Politik soykırım vardır, fiziki soykırım vardır, ekonomik soykırım vardır, dil soykırımı vardır ve nihayet kültür soykırımı da vardır. Sabahattin Arkadaş belirtti, biz genelde toplantılarımızda Kürtçe konuşuruz. Ama bu toplantıda anlaşılmak için, sonradan arkadaşlarımın bana vereceği cezaya da katlanarak, anlaşılmak için, Türkçe konuşacağım.
Şimdi arkadaşlar, kavramlar, içi boş çuvallar değildir. Bu kavramlara istediğiniz şeyleri istediğiniz gibi koyamazsınız. Kuzey Kürdistan’da, Kürdistan’da, “Ulusal Demokratik Birlik” ya da “Ulusal Birlik”, nasıl derseniz deyin, içine herkesin istediği şeyi koyabileceği, bir kavram değildir.
Bir, eğer ulusal birlikten söz ediyorsak, bir ulustan söz ediyoruz. İkincisi, dünyada ulusal birlik, ulusun birliğinin sembolü, son 200-300 yıldır, ulus-devletlerdir. Bugün dünyada 200’ün üstünde devlet var, Birleşmiş Milletler, bu devletlerin ahalisini “ULUS” olarak kabul ediyor. Burda bir sıkıntı var; Kürtler, dünyanın en büyük, devletsiz ulusudurlar. O zaman, burda eğer, bir ulusal birlikten söz ediyorsak, bu ulusun özgürlüğünü, bu ulusun yurdunun kurtuluşunu, hedefliyor olmamız lazım. Yani eğer bir siyasi aktör, herhangi bir yerde, ulusal birlikten söz ediyorsa, orada ya bir ulus-devlet vardır, ya da devlet kurma hakkı, elinden alınmış bir ulusun, kendi geleceğini belirleme hakkını savunuyordur. Bu temel prensip dışında, herhangi bir çerçevede, ulusal birliği savunmak, mümkün değildir.
Örneğin, dil-kültür hakları için ulusal birlik olmaz.

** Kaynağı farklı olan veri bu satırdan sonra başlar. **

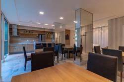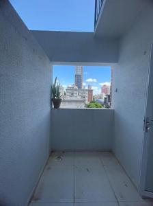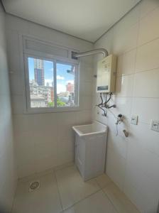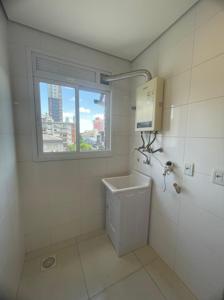 A sacada é fechada e tem um bom espaço, com uma mesa alta e churrasqueira com exaustor para comer um churrasco contemplando a bonita vista da Vila Rodrigues.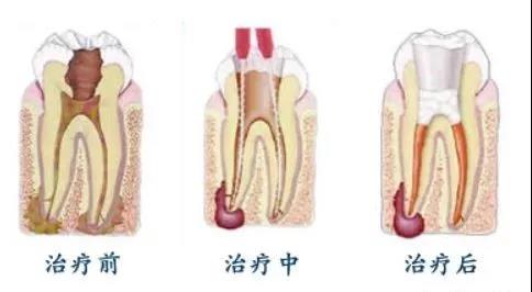 根管治疗是以药物,以及器械的操作来将根管内的残渣,以及细菌尽可能地清除消毒干净。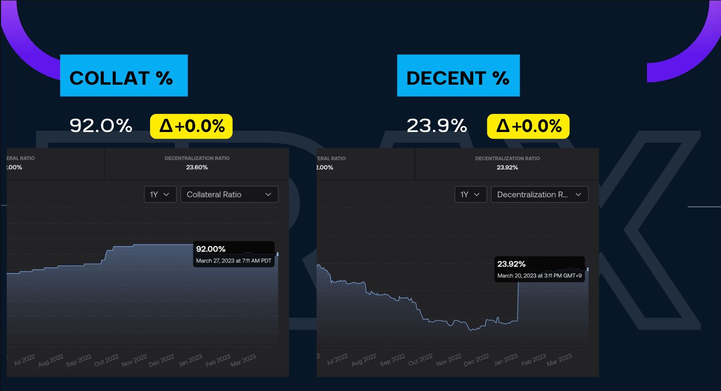 The Collateralization percent conveys how much FXS (algorithmic) is used as collateral.  We’re unchanged at 92%.  Following we have the Decentralize percent, which is also unchanged and are now sitting at 23.9%.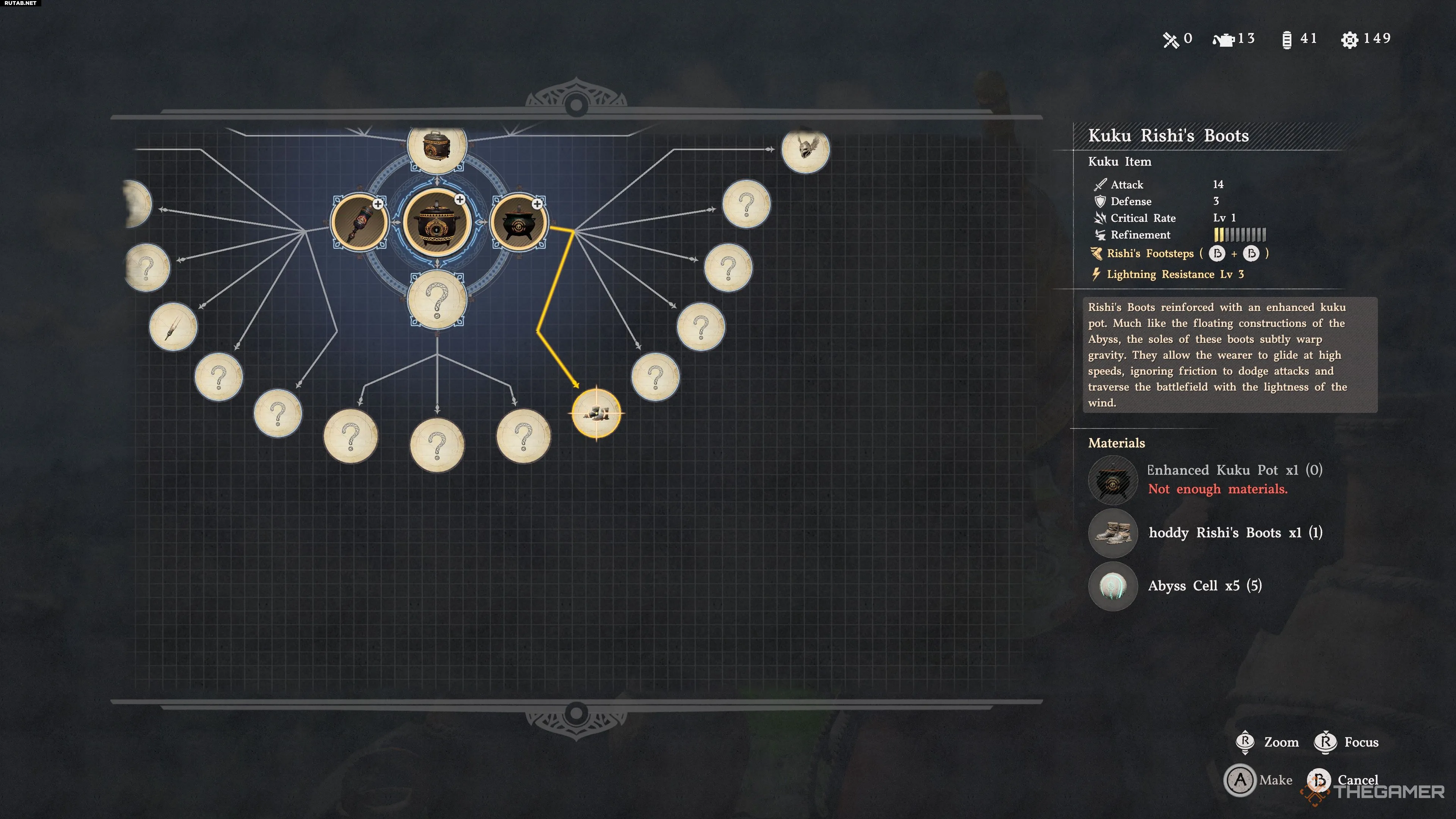После того как вы Одолеете Копьё Антумбры и решите головоломку в святилище, вы разблокируете рецепт создания Сапог Желтоклюва Риши.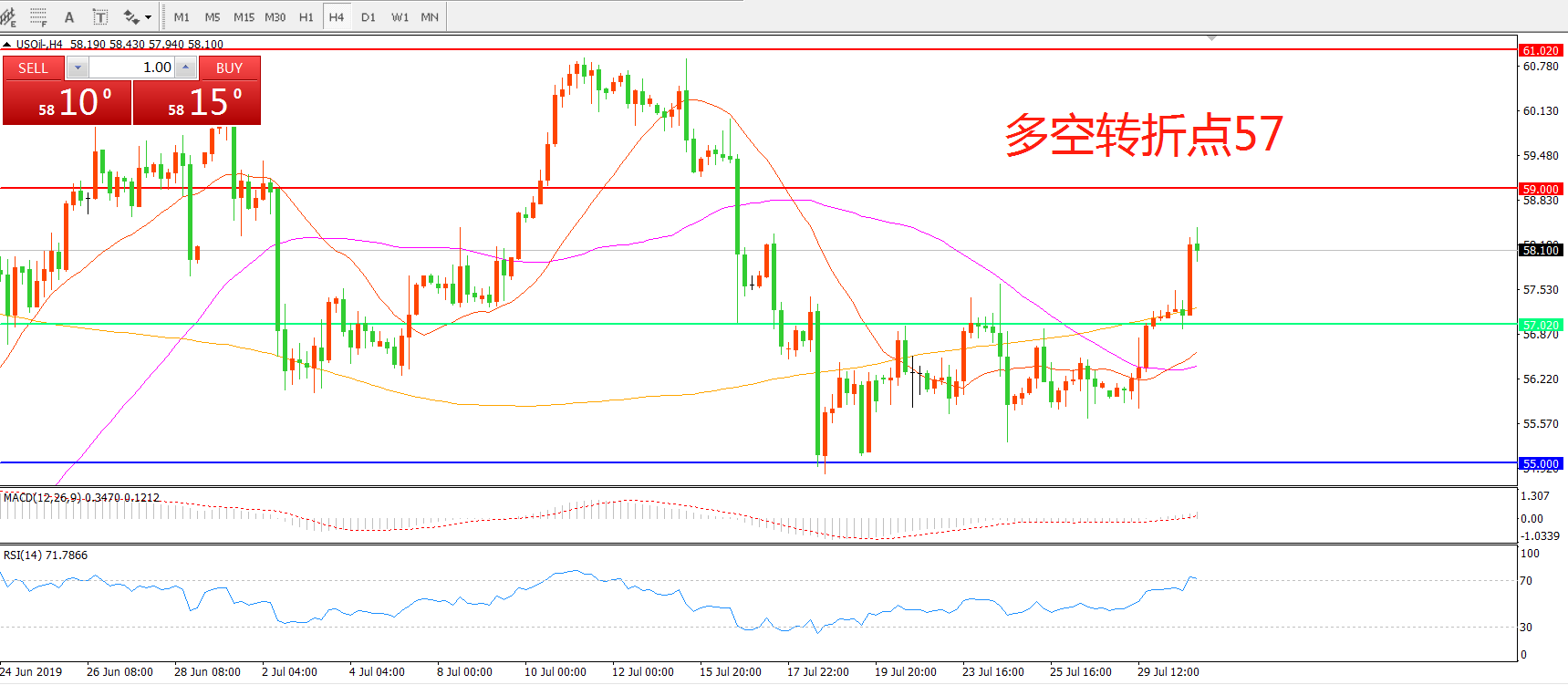 交易策略:在57.00之上看涨,目标59.00   61.00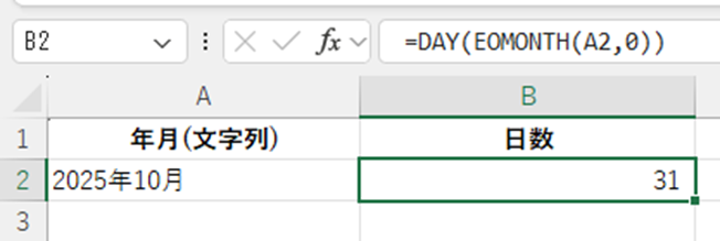 この数式を使えば、文字列として入力された日付からでも、正しく月の日数を求められます。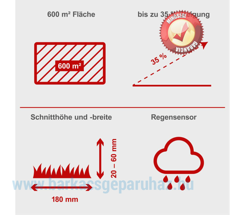 • Ideális akár 600 m² gyepfelületű kertekhez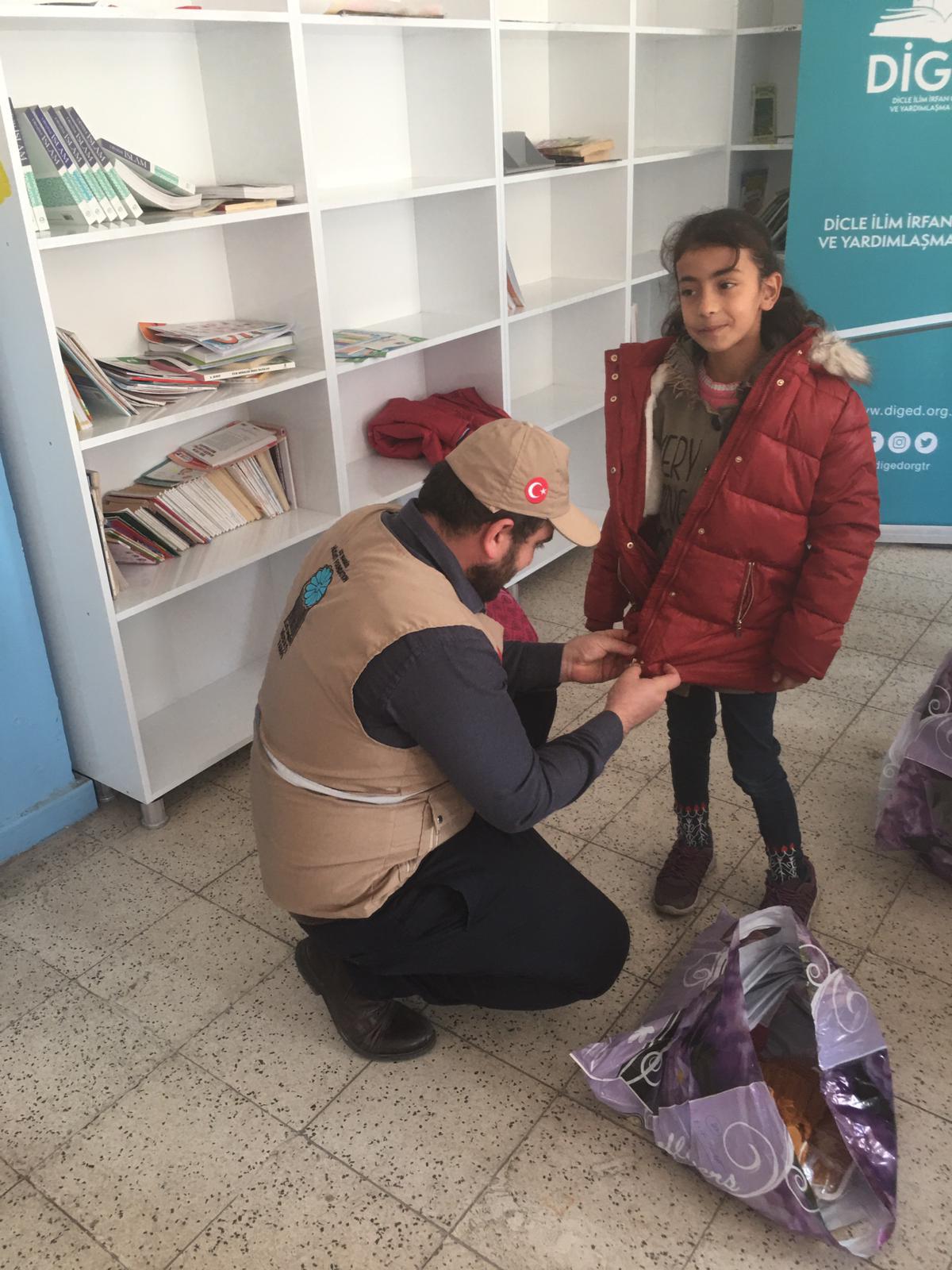 İstanbul’daki yurtlarımızda kalan üniversite öğrencileri “Haydi Birlikte Isınalım” sloganıyla bir sosyal sorumluluk projesine imza attılar. Kendi aralarında topladıkları hediyelerle Diyarbakır’ın Yenişehir ilçesindeki Mehmet Fevzi Durucan İlkokulunda okuyan 80 öğrenciye bot, kaban, atkı, bere ve eldiven hediye ettiler. Bu anlamlı proje Diyarbakır’da eğitim-kültür ve yardımlaşma alanlarında hizmet vermeye başlayan Dicle İlim İrfan Gençlik ve Yardımlaşma Derneği (DİGED) ile birlikte gerçekleştirildi.

Kürt ulusunun, kendi ülkesinde, kendi geleceğini, kendisi belirlemesi çerçevesinde bir ulusal birlik olabilir. Bu ulusal birlik, dil hakkını da savunur, kültürel hakları da savunur ve buna benzer, o ulusun bütün temel haklarını, savunarak gelişir.

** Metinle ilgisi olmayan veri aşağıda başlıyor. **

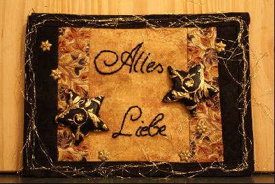 Hier seht ihr meinen allerersten AMC-Versuch. Vom Prinzip her gefällt mir die Karte gut, doch ich hatte unheimliche Schwierigkeiten mit dem Rand. Erst wollte ich den Rand mit einem engen Zickzackstich abschließen, nach einer Anleitung die ich hier mal im Forum gesehen hatte. Doch da machte meine Nähmaschine absolut nicht mit, der Himmel weiß warum, letztendlich hab ich alles wieder abtrennen müssen. Aber auch dieses Minibinding ist mir nicht so recht gelungen und das ist auch der Grund für das goldene Flitterzeug am Rand, das war nämlich gar nicht geplant ;o)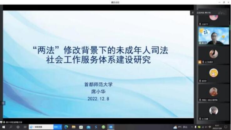 (williamhill官网网站 通讯员 贾娟娟)2022年12月8日上午,williamhill官网网站举办MSW“求知讲堂”(第28讲)暨2022年研究生学术周第四场讲座。为了帮助社会工作专业硕士研究生认识未成年人司法社会工作的服务体系,增进对未成年人司法社会工作的了解,本次讲座邀请了首都师范大学席小华教授做了主题为“‘两法’修改背景下的未成年人司法社会工作服务体系建设研究”的线上讲座。本次讲座由公司副经理、MSW教育中心主任夏国锋教授和公司硕士生导师、MSW教育中心执行主任何晓红教授共同主持,公司全体研究生参与聆听。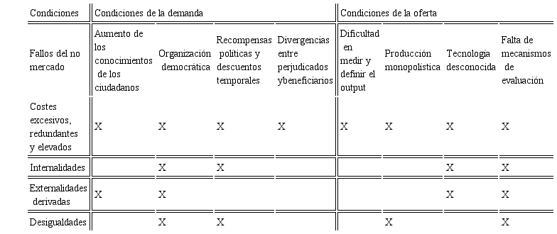 Las circunstancias por las que se demandan intervenciones públicas son muy diversas. En principio, son los ciudadanos, individualmente como votantes, u organi- zados colectivamente en grupos de presión, quienes solicitan políticas a los burócra- tas, a los partidos en la oposición y a los políticos del gobierno, que serían sus oferentes (Dunleavy, 1991). Se distinguen tres causas por las que dichas peticiones tienden a ser excesivas y distorsionadas, generando los “fallos del no mercado” (Wolf, 1995: 46-51).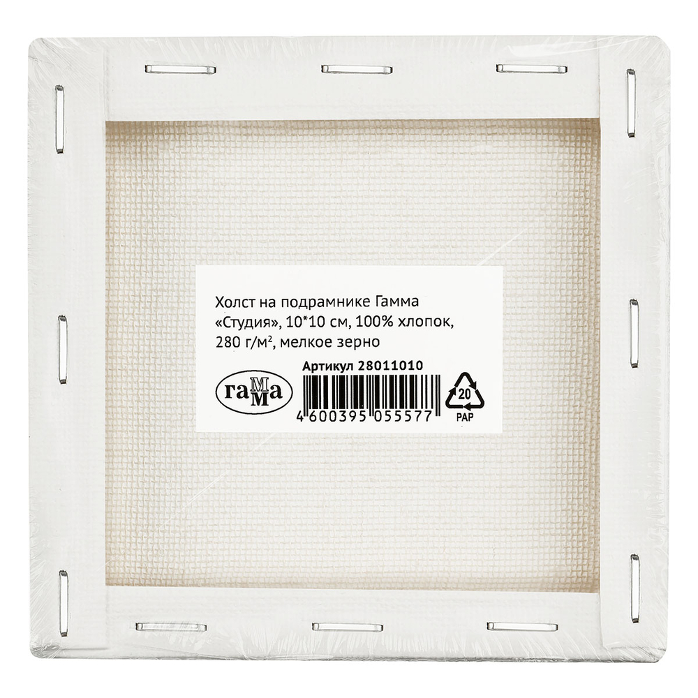 Хлопковый холст серии "Студия" грунтованный на подрамнике подойдет для живописи масляными, акриловыми, темперными и гуашевыми красками. Размер – 10х10 см. Основа – натуральное полотно, 100% хлопок, мелкое зерно.
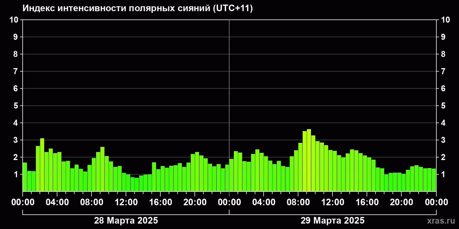 Изменения индекса интенсивности полярных сияний с 2025-03-28 по 2025-03-29 по местному времени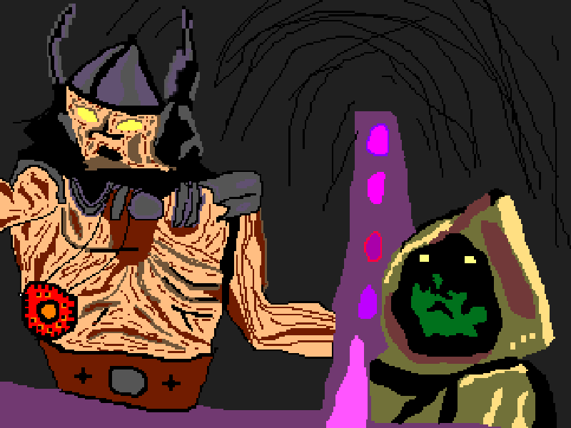 Пиксель арт на сегодня по мотивам видеоигры The Dark Heart of Uukrul для компьютерной системы Ibm Pc MsDos. Это, опять же, ролевая игра. Про 80ые. Про подземелья. И, конечно, драконы будут. Классическая ролевая игра той эпохи. Многое для воображения. И фэнтези тематика приключений. Прокачка персонажей. Лабиринты. Все впереди! То, что надо геймеру! А, это мой рисунок по мотивам The Dark Heart of Uukrul (MsD0s). Крорник волшебник и воитель Джошлинд, уже, проникли в гробницу королей. Теперь, у них нету другого пути как дойти до обелиска королей. И за ними уже идут черные всадники Крома. При помощи магии и меча он собрал огромное войско и контролируют целый континент. Храм Змея, уже, позади. Это был ложный след. Сначала путешественники думали, что обелиск находится там, но это была ловушка. И, теперь, они днем и ночью уходят от черных всадников Крома. И, вот они у своей цели. Гробница королей. Осталось найти обелиск. Они идут в полной темноте. Чтобы никто их здесь не увидел. Это очень затр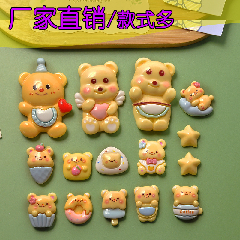 卡通亮面黄油小熊甜甜圈食玩diy奶油胶发夹手机壳冰箱贴树脂配件

Şimdi bu gündem maddesinde bir sıkıntı var, DTK’nın misyonudiye geçmiş oraya. DTK kendi misyonunu kendi organlarında tartışmıştır, kendi organlarında, misyonunun ne olduğunu muhtemelen saptamıştır, bir.
İkincisi, DTK’nın misyonu; PKK'yi tartışmadan, DTK’nın misyonu, KCK tartışmadan, DTP’yi tartışmadan, Öcalan'ı tartışmadan DTK’nın misyonu ne tartışılabilir, ne de anlaşılabilir bir şeydir.
Bu gündem maddesinde, DTK’yla ilgili olarak, öyle sanıyorum ki arkadaşlar, DTK’lı olmayan katılımcıların DTK hakkındaki düşüncelerini, varsa önerilerini istemişlerdir. Böyle yorumlayarak, DTK hakkında birkaç şey söylemek istiyorum.
Bir, DTK’nın en önemli özelliği, DTK’nın defacto bir örgüt olması, defacto bir hareket olmasıdır. Kürdistan’da on yıllardır, biz, legalite ve ilegalite ikilemine sıkıştırıldık. Bana sorulursa, Kürt siyasetinin en temel meselelerinden biri budur. Ya legalite ya ilegalite denildi bize. Türk legalitesinde, Kürt ve Kürdistan yoktur. Kürdistan’ın da kendi legalitesi yoktur. Bu yüzden, Kürt özgürlük hareketinin, legal mücadele olanakları çok dardır, çok sınırlıdır, legalite Kürt özgürlük mücadelesine takiye dayatmaktadır. Kürt siyasetçileri, bu imkandan yararlanmak için, kendi öz duruşlarından, öz kimliklerinden taviz vermek durumunda kalmaktadırlar.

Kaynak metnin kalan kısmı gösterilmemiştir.